Тут как раз вмешался Фантин и рассказал историю рыбака — как тот видел черта на корабле, а потом — чьи-то следы, и как возле его хижины кто-то бродил ночью.

— Ну, по поводу черта я могу объяснить, — улыбнулся Обэрто. — Это был клабаутерманн…

Он вкратце поведал им о том, что случилось сегодня в доке.

— Откуда вы о нем узнали?

Обэрто пожал плечами и принялся объяснять. Но делал он это, почти не думая о том, что говорит; мысли магуса были заняты другим.

По мере того как Обэрто и его спутники поднимались по улицам Нижнего Альяссо, становилось ясно, что Малимор ведет их в тот самый район, где находится «Стоптанный сапог». Еще спустя несколько кварталов Фантин догадался спросить у сервана, где именно живет эта женщина, о которой шла речь.

— В каморке, рядом с постоялым двором.

— Как называется двор?!

— Можешь не отвечать, — вмешался Обэрто. — Расскажи лучше, зачем ты воровал у хозяина молоко.

Он уже понял, почему по ночам в «Стоптанном сапоге» выли собаки. И еще… многое понял. А если его догадки по поводу молока верны…

— Ей же нужно чем-то кормить детей! — почти обиженно воскликнул Малимор.

— А покупать или красть где-нибудь подальше ты не догадался?

— Конечно, догадался, — с гордостью заявил он. — Разве потом у этого Ходяги хоть капелька молока пропала? Нет! Потому что… ну, в общем, я находил для нее молоко. Ох!.. — Он вдруг остановился и со всего размаху ударил себя ладонью по лбу: — Как я мог забыть! Сегодня утром я должен был принести новую порцию!

— Принесешь попозже, — успокоил Фантин. — Ничего же страшного не…

— Боюсь, ты ошибаешься, — тихо сказал Обэрто. — Малимор, ну же, чего ждешь?! Беги, постарайся убедить ее, чтобы подождала еще чуть-чуть!

— Куда бежать? Мы ведь уже пришли, мессер. Нам с черного хода, вон в калитку.

Они вошли в «Стоптанный сапог», когда солнце уже вовсю светило в небе.

Когда было уже слишком поздно.

3

…слишком поздно.

— Мессер! — зовут голоса. — Вы слышите меня, мессер?

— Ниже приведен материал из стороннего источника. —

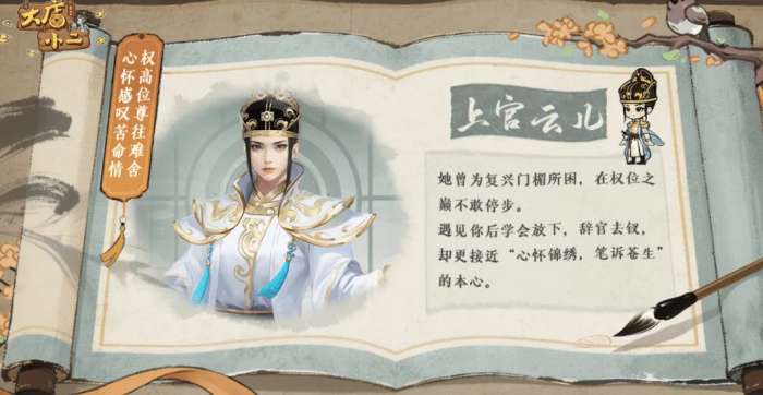上官云儿虽是女子,但却总是身着官服,眉间凝着霜雪,她曾经为了复兴门楣被困,为了提升家族的地位和名望,哪怕是在权力的巅峰也丝毫不敢停步,遇见了玩家之后才懂得放下。

Ты слышишь. Но не торопишься откликаться — зачем?

— Не нужно кричать, молодой человек, — то ли с раздражением, то ли с сочувствием заявляет кто-то. — Во-первых, далее если бы он и слышал вас, вряд ли у него хватило бы сил сообщить об этом. Во-вторых, если он спит (что, я полагаю, маловероятно, но все же), вы можете его разбудить, а сон сейчас пойдет ему на пользу больше, чем общение с вами. Ну и, наконец, вы мне попросту мешаете своими криками. Извольте-ка выйти, если не можете стоять смирно.

— Да, маэстро, я буду молчать. Только скажите, есть ли надежда…

— Вы обещали молчать — ну так и молчите! — теперь лекарь явно рассержен.

Нет, — понимаешь ты, — не болтовней Фантина, а его вопросом. И ты, и маэстро слишком хорошо знаете ответ на него.

Бежать. Прочь — подальше, поглубже, туда, где тени прошлого уже не причиняют боли, где голоса, даже если они слышны, — всего лишь голоса, безликие, лишенные какого-либо смысла. Бежать. Они все равно не способны вызволить тебя из той мягкой, уютной западни, в которую ты погружаешься: они снаружи, ты — внутри, барьер тонок, но непреодолим для них.

— …Дело не в ранении, молодой человек. Он попросту истощен до крайности, истощен и устал. Ему необходимо выспаться…

(Но в том-то все и дело, что твой глубокий сон способен незаметно перейти в нечто большее. В то, что длиннее и бездоннее любого сна. И куда ты так стремишься сейчас попасть.)

Появляется еще один голосок, тонкий и растерянный:

— Давно это случилось?

— На закате, он как раз собирался идти в доки.

— А-а, к этому.

— Угу. К славдурману или как его там…

— Что говорит лекарь?

— Чтоб я заткнулся и проваливал, мол, мешаю. По-моему, он сам не знает, что делать. А ты?

— А что я? Я — всего лишь серван, которому «повезло» стать custos'ом. Врачевать я не умею, ясно!

— Может, позвать ресурджентов?

— А они тут при чем? Он же еще не умер… да и если бы… они ж только через сорок дней после смерти могут оживлять.

— Так что же нам делать? — в голосе Фантина звенит неподдельное отчаяние.

— Молиться, — мрачно роняет Малимор. — Больше ты ничем ему не поможешь. Скажи лучше, как там дети?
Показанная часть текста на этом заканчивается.